Voilà donc encore une fois touché un journal dont la situation paraît saine. Avec un tirage de 415 467 exemplaires, Sud-Ouest a réussi, en cinq ans, à intégrer 150 personnes venant du journal La France et à maintenir l'emploi menacé des 80 personnes du journal l'Éclair des Pyrénées. Naturellement, le nouveau matériel n'a été que le catalyseur d'un conflit idéologique qui intéresse la presse entière et dont on retrouve l'écho dans l'analyse des différents syndicats. Pour l'UNSJ, « le lock-out décidé par la direction de Sud-Ouest est, en fait, une épreuve de force voulue par le patronat pour faire supporter aux professionnels de la presse les frais d'une rationalisation dans le seul dessein d'un accroissement des profits ». Le SNJ est en désaccord avec cette conception : « Le monopole qu'exerce le Livre sur la presse française a pu représenter pour l'indépendance de l'information un danger aussi sérieux que la toute-puissance patronale. »

Les discussions s'éternisent autour des cinq points de revendication présentés par le Syndicat du livre (CGT), et lorsque le journal reparaît enfin, le 16 mars, on estime que la perte due à cette grève est d'environ deux millions et demi.

La première grève nationale

Dès lors que la presse ne traite plus seulement de l'actualité mais constitue elle-même l'actualité, les colonnes des journaux s'emplissent de ses problèmes et la télévision lui consacre plusieurs émissions qui n'apportent guère d'éléments positifs. Chacun des participants poursuivant son monologue sans que s'engage un véritable dialogue.
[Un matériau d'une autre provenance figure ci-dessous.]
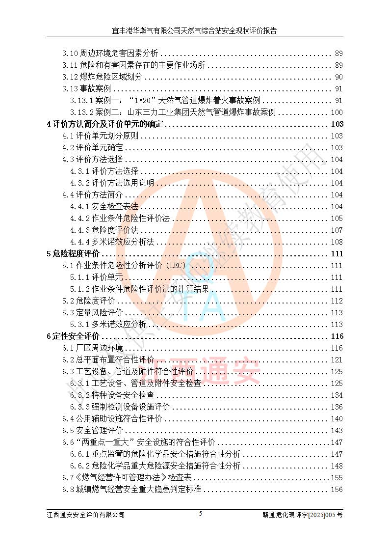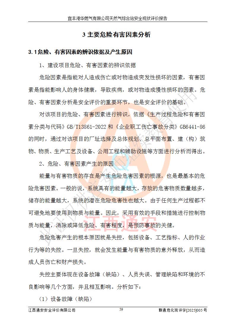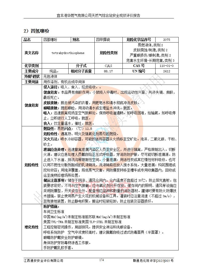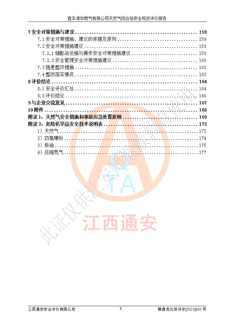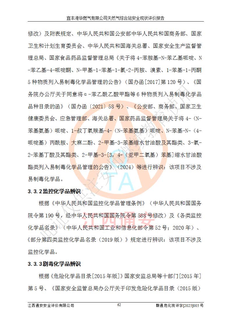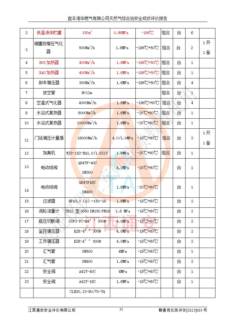 1、主要危險、危害因素辨識結(jié)果 宜豐港華燃氣有限公司天然氣綜合站在生產(chǎn)經(jīng)營過程中存在的主要危險有:火災(zāi)與爆炸、中毒窒息、觸電、機械傷害、物體打擊、**傷害、高處墜落、灼燙、低溫凍傷、容器爆炸、淹溺等,存在的主要危害因素有:化學(xué)因素、物理因素(噪聲、高溫等)等,同時存在人為失誤和管理缺陷。應(yīng)重點防范的主要危險為火災(zāi)與爆炸、容器爆炸。 2、危險化學(xué)品辨識結(jié)果 經(jīng)辨識,該儲配站涉及的天然氣、四氫噻吩及柴油屬于危險化學(xué)品,天然氣屬于重點監(jiān)管的危險化學(xué)品和特別管控危險化學(xué)品,不涉及監(jiān)控化學(xué)品、易制毒化學(xué)品、易制爆危險化學(xué)品、劇毒化學(xué)品和高毒物品等危險化學(xué)品。 3、危險化學(xué)品重大危險源辨識結(jié)果 根據(jù)《危險化學(xué)品重大危險源辨識》(GB18218-2018)和《危險化學(xué)品重大危險源監(jiān)督管理暫行規(guī)定》(2011)(40號令)(2015年 **安監(jiān)總局令第79號修訂)得出結(jié)論如下:該公司LNG儲罐區(qū)構(gòu)成三級重大危險源,其余生產(chǎn)單元及儲存單元不構(gòu)成危險化學(xué)品重大危險源。 4、重點監(jiān)管危險化工工藝辨識結(jié)果 根據(jù)《**安全監(jiān)管總局關(guān)于公布首批重點監(jiān)管的危險化學(xué)品名錄的通知》安監(jiān)總管三[2011]95號、《**安全監(jiān)管總局關(guān)于公布第二批重點監(jiān)管危險化學(xué)品名錄的通知》安監(jiān)總管三[2013]12號進行辨識,該天然氣儲配站不涉及重點監(jiān)管的危險化工工藝。 5、作業(yè)條件危險性分析結(jié)果: 液化天然氣的儲罐區(qū)、調(diào)壓計量氣化加臭區(qū)、卸車區(qū)、變配電、廠內(nèi)運輸、消防水池作業(yè)等單元。等單元危險程度均為“一般危險,需要注意”或“稍有危險,可以接受”級別。作業(yè)條件相對安全。 6、危險度評價結(jié)果:工藝裝置區(qū)等級為Ⅱ級,危險程度為中度危險。LNG儲罐區(qū)等級為Ⅰ級,危險程度為**危險。 7、事故后果預(yù)測結(jié)果:本報告采用中國安全生產(chǎn)科學(xué)研究院研發(fā)的重大危險源區(qū)域定量風(fēng)險評價(CASST-QRA)軟件對可能發(fā)生的危險化學(xué)品事故進行預(yù)測,宜豐港華燃氣有限公司天然氣綜合站LNG儲罐容器整體破裂,發(fā)生BLEVE災(zāi)害模式后果*大,*大死亡半徑為181m,重傷半徑為243m,輕傷半徑為448m。 8、多米諾效應(yīng)分析結(jié)果:該公司LNG儲罐發(fā)生容器整體破裂引發(fā)的BLEVE事故的多米諾半徑*大,為141m。 9、采用安全檢查表評價法對該儲配站周邊環(huán)境、總平面布置、站內(nèi)建構(gòu)筑物防火間距、站內(nèi)交通、LNG卸車、儲罐、氣化裝置、加臭裝置、調(diào)壓裝置、安全附件、工藝設(shè)備、管道、自動化控制等供配電、給排水、消防設(shè)施、供熱裝置、安全管理、“兩重點一重大”安全措施及安全管理進行定性評價,不符合項共2項,其他均符合**法律、法規(guī)、標準、規(guī)范的要求。 (1)企業(yè)對不符合項整改完成后,安全條件符合燃氣儲存經(jīng)營的安全要求。 (2)該儲配站涉及“兩重點一重大”,采取了首批重點監(jiān)管的危險化學(xué)品安全措施和應(yīng)急處置措施,站內(nèi)LNG罐區(qū)構(gòu)成三級重大危險源,采取的重大危險源安全技術(shù)和監(jiān)控措施符合相關(guān)要求。 (3)根據(jù)《燃氣經(jīng)營許可管理辦法》(建城〔2014〕167號發(fā)布,建城規(guī)〔2019〕2號修改)制成安全檢查表對該單位的經(jīng)營條件逐一檢查,檢查結(jié)果符合要求。 (4)根據(jù)《住房城鄉(xiāng)建設(shè)部關(guān)于印發(fā)《城鎮(zhèn)燃氣經(jīng)營安全重大隱患判定標準》的通知》(建城規(guī)[2023]4號)要求,對該項目重大隱患情況進行檢查,該站LNG罐完成整改后不涉及重大隱患。 評價結(jié)論 綜上所述,宜豐港華燃氣有限公司天然氣綜合站選址和總平面布置合理,建構(gòu)筑物間的防火間距、耐火等級等符合標準規(guī)范的要求,LNG卸車、儲存、加臭、氣化調(diào)壓計量等裝置采用成熟的工藝和設(shè)備,本質(zhì)安全程度較高;公司制定了安全管理制度和操作規(guī)程,人員經(jīng)培訓(xùn)合格后上崗,主要負責(zé)人、安全管理人員及特種作業(yè)人員均取得了相應(yīng)的考核合格資格證書,能按照法律法規(guī)要求開展安全生產(chǎn)管理工作。公司對現(xiàn)場存在事故危險的設(shè)施和場所采取了合理可行的防護措施和科學(xué)的管理,使生產(chǎn)過程中的危險有害因素能得到**控制。該項目安全設(shè)施符合**現(xiàn)行有關(guān)法律、法規(guī)、標準的要求。企業(yè)對現(xiàn)場存在的安全問題進行了整改,主要的安全缺陷消除。 綜合結(jié)論:宜豐港華燃氣有限公司天然氣綜合站的安全條件符合燃氣安全運行要求。 |

Seule peut être retenue à l'actif de la profession une grève nationale le 1er février 1972 — la première en son genre —, destinée à soutenir l'action du personnel de Paris Jour et à attirer l'attention du public sur les problèmes de la presse. Encore que cette grève, si elle est unanimement suivie à Paris (et par la contrainte en ce qui concerne un quotidien), remporte un succès plus mitigé en province, où plusieurs journaux paraissent. Mais on ne peut s'empêcher de constater une anomalie : les syndicats admettent qu'un service minimum d'information audio-visuelle soit assuré. De la sorte, télévision et radio sont nettement différenciées des journaux.

Cependant, cette « presse qui doit mener le combat de l'intelligence et de la culture » (Georges Pompidou) va examiner sérieusement quelques-unes des mesures qui devraient lui permettre de jouer son rôle. Déjà le Comité national du syndicat des journalistes autonomes, réuni les 12 et 13 novembre à Rouen, a préconisé : l'équilibre des recettes et des dépenses, la défense du droit à l'information, la pluralité d'expression des opinions, le libre accès aux sources d'information, le droit et le devoir de publier, sans discrimination d'origine économique ou politique, les informations susceptibles d'éclairer les lecteurs.

Certaines de ces idées sont également contenues dans un communiqué de l'UNSJ publié à l'occasion de la grève du 1er février.

L'aide de l'État

Le gouvernement, pourtant, ne reste pas indifférent. Le 6 janvier 1972, Valéry Giscard d'Estaing déclare : « La presse écrite exerce une mission particulière qui doit être facilitée. Il faudra peut-être mettre en œuvre, après délibération avec les intéressés, les moyens financiers nécessaires, notamment pour aider la presse quotidienne dont la mission d'information est particulièrement claire. » Ces bonnes dispositions conduisent le gouvernement à accorder une aide exceptionnelle de 15 millions de francs (sous forme d'une réduction du prix du papier) aux quotidiens. Cette aide est destinée à « atténuer les conséquences des charges particulières que la presse a supportées durant le deuxième semestre de 1971 ». Mais elle est loin de satisfaire l'ensemble de la profession : elle ne représente, en fait, que 0,4 centime par exemplaire tiré.

Il convient, cependant, de noter qu'elle s'ajoute à l'aide de l'État sous forme de subventions à la SNCF pour le transport des journaux, de tarifs postaux préférentiels pour les abonnés, de subventions au papier journal, de tarifs préférentiels pour les transmissions et d'avantages fiscaux divers (notamment l'exonération de la TVA sur les recettes de vente).